Thinking Forwards and Backwards : Metamemory and Metacomprehension Abilities and Strategies in Text Processing

Abstract: The aim of the present thesis was to investigate high-school students metamemory and metacomprehension of texts. In three studies the students read texts and then made prospective as well as retrospective ratings of their own immediate and delayed performance (i.e., measured via text recall and answering performance of comprehension questions). The data have been viewed overall and for different verbal skill groups. Different types of instructions, time of test, placement of rating, types of texts and characeristics of texts have been used. The overall pattern of data suggests that the students accurately predicted and postdicted their text recall. Delayed postdiction accuracy was found, even after a long delay. The pattern for comprehension was not as straightforward, in the sense that the studies demonstrated different results regarding calibration accuracy. However, the students postcalibrated more accurately their comprehension. From a verbal skill perspective, high performing students excelled in performance but the low performing students made the most accurate ratings of memory performance. Irrespective of verbal skill, the students demonstrated study preferences for both memory and comprehension of texts. These preferences interacted with text recall but not with answering performance on the comprehension questions.

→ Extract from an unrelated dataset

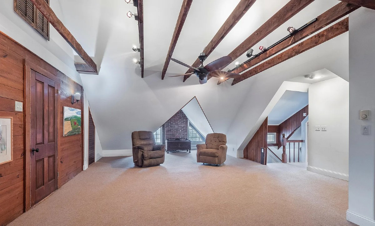 Well-loved by its current owners, this classic Victorian in Lee offers five bedrooms and four bathrooms. It has an upgraded kitchen, a first-floor den/bedroom with full bath, and above the five upstairs bedrooms a huge attic bedroom/family room. There's also a guest house and studio building. Listed at $995,000 by William Pitt Julia B Fee Sotheby's International Realty.

The results suggest that effort is a key concept to consider in this line of research. First, the students found reading to remember a more effort requiring task than reading to comprehend. This supposedly resulted in better awareness of memory performance than comprehension of the same texts. Also, the reading instruction that empasizes learning, yielded both immediate and delayed prediction accuracy. This instruction was regarded as the most effort requiring. Second, the better the person's verbal ability, the less attention he or she requires to complete the reading task, with the best possible outcome as a result. High verbal skill reading is presumably effortless and automatized. Third, when students studied texts in their most preferred way it again resulted in best possible text recall, but reduced prediction accuracies. Taken together, metacognitive thinking seems to be most useful in the beginning of and in the development of skill.